Marie Hollowell reached out to bless others the world over
I just read that 82 percent of Americans believe in an afterlife. Marie Hollowell was certain of it. She planned to go to heaven someday and rejoin her mother, her husband, and her daughter, all of whom had died younger than seems right.
She didn't spend her life waiting to go to heaven, though. Mrs. Hollowell, who died Dec. 11 at a nursing home in Spokane, filled her 88 years with adventure, service and fun, and she left behind many friends who will miss her as much as she missed her departed family members.
Seven years ago, I heard about a woman who spent some of her spare time making pillows for homeless people. I visited Mrs. Hollowell in her tidy University District apartment and learned about more than pillows.
Mrs. Hollowell was born in Frankfort, Kan., in 1913. She never had a chance to know her mother. She told me, "She lost her life for me at my birth. I can hardly wait to get to heaven to see her."
Mrs. Hollowell married Homer Hollowell when she was 19, and they had two children. But they had been together only seven years when he died of a heart attack and she was left to raise a 5-year-old daughter and a son who was not yet 2.
Thirty years later, she suffered another major loss when her daughter Chloris, then 35, died from a blood clot in her lungs.
"I don't have any bitterness," Mrs. Hollowell told me, "I don't know what God's full reasons for it were."
Despite all that, Mrs. Hollowell lived a life full of joy and never lost the faith she'd learned from her father, a Free Methodist minister.
Her friend, Barbara Donor, says, "Her first love in her life was her Lord Jesus Christ, and that's where she got her love and that's what she gave back. Her mission was to share that unconditional love with everybody that was a part of her life."
Fifty years ago, Donor, fresh out of high school, showed up at Central College in McPherson, Kan., and walked into the dormitory Mrs. Hollowell supervised. Donor wasn't in the best of moods, but Mrs. Hollowell gave her a big hug and began an unwavering friendship.
Mrs. Hollowell had gone back to school and gotten her teaching certificate after her husband's death and would spend much of her work life counseling young women, working as a dorm mom.
She came to Seattle from Kansas and from 1955 to 1964 she was dean of women at Seattle Pacific College (Seattle Pacific University now). Then she was director of residences at Beirut College for Women until war broke out. She came back to Seattle and worked as assistant director of Bellarmine Residence Hall at Seattle University. Later she filled in as house mother in sorority houses at the University of Washington.
She liked living in Lebanon and went back in the 1970s to form a Christian commune, but had to leave again when it became unsafe for Americans.
After that, she spent some time in Taiwan running a sorority house. She told me in 1995, "I just love to cross cultures, because you're so challenged to see what you can learn from it."
Her son, Rex Hollowell, a retired professor of philosophy, says his mother was respectful of other cultures. "She would ask Beirut College for Women girls, 'What does your faith tell you to do?' She was a committed Christian, but she thought that since she was in Beirut she had to listen to what they said."
He says he was profoundly affected by her values, though she never preached. "She didn't ever talk to me about values, she just lived it."
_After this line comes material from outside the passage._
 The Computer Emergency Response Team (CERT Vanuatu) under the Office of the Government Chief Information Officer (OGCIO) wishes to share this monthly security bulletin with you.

The year we talked, Mrs. Hollowell was beginning to show signs of Alzheimer's disease. In March 1996 she moved to Spokane to be near her son.
Donor, who spoke at the memorial service yesterday, says, "Even when she lost her capacity to think and things got confused, at the core of her being she was always reaching out to bless someone with a hand pat or her sense of humor."
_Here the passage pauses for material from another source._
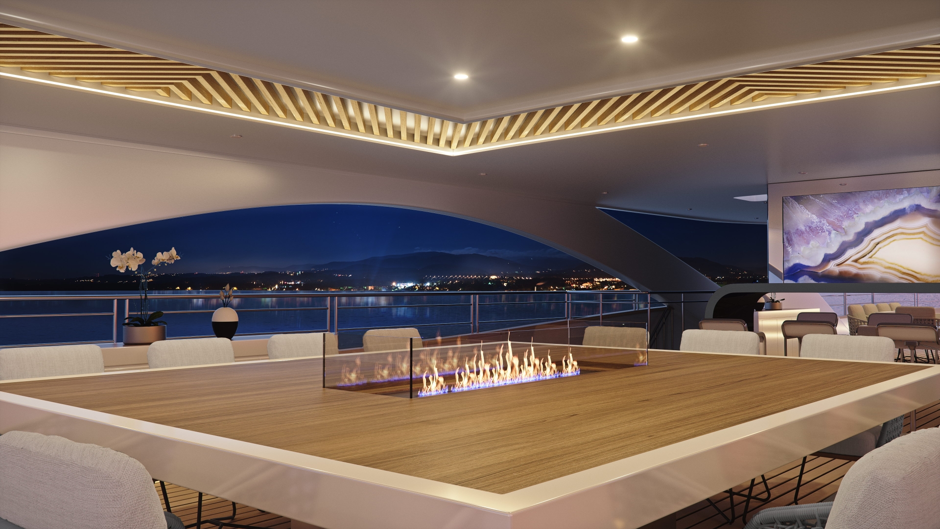 The upper deck is the main alfresco social area and provides sofa seating on both sides that curves with the bulwarks, plenty of drinks tables and plush armchairs to complete the serene setting.

That's what people remember, that she was always reaching out.
Joyce Price, who attended SPC from 1957 to 1961, says, "I can still see her striding purposefully across campus, having a kind word for everyone. She loved to walk around Seattle, and she was always helping the down and out."
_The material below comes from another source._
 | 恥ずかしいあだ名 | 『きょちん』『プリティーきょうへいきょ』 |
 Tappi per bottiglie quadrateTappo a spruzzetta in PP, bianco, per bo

If she thought of something that needed doing, she'd do it. One friend remembers her taking a can of spray paint from her purse and obliterating pornographic graffiti from the walls of her bus stop, saying no one should have to look at that.
When she passed some people sleeping on a sidewalk, she thought they'd be more comfortable if they had pillows, so she made them some, then made a habit of sewing pillows for homeless people.
Price says Mrs. Hollowell wasn't "a preachy person or a goody-goody-two-shoes. She had so much love and she was able to spread her love to you so that you felt accepted and whole when you were with her. You didn't have to be a certain way to be Marie's friend, you just had to be yourself."
Last year, Price started an effort by the SPC Class of 1961 to create an endowment fund in Mrs. Hollowell's name. The endowment will provide scholarships for junior or senior psychology majors who intend to pursue a career in school counseling.
Remembrances can be made to the Marie Hollowell Scholarship Endowment, Seattle Pacific University, 3307 3rd Ave. W., Seattle, WA 98119.
Mrs. Hollowell has gone on, but her friends and family (she has five grandchildren and eight great-grandchildren) want to perpetuate the good works that she did on Earth.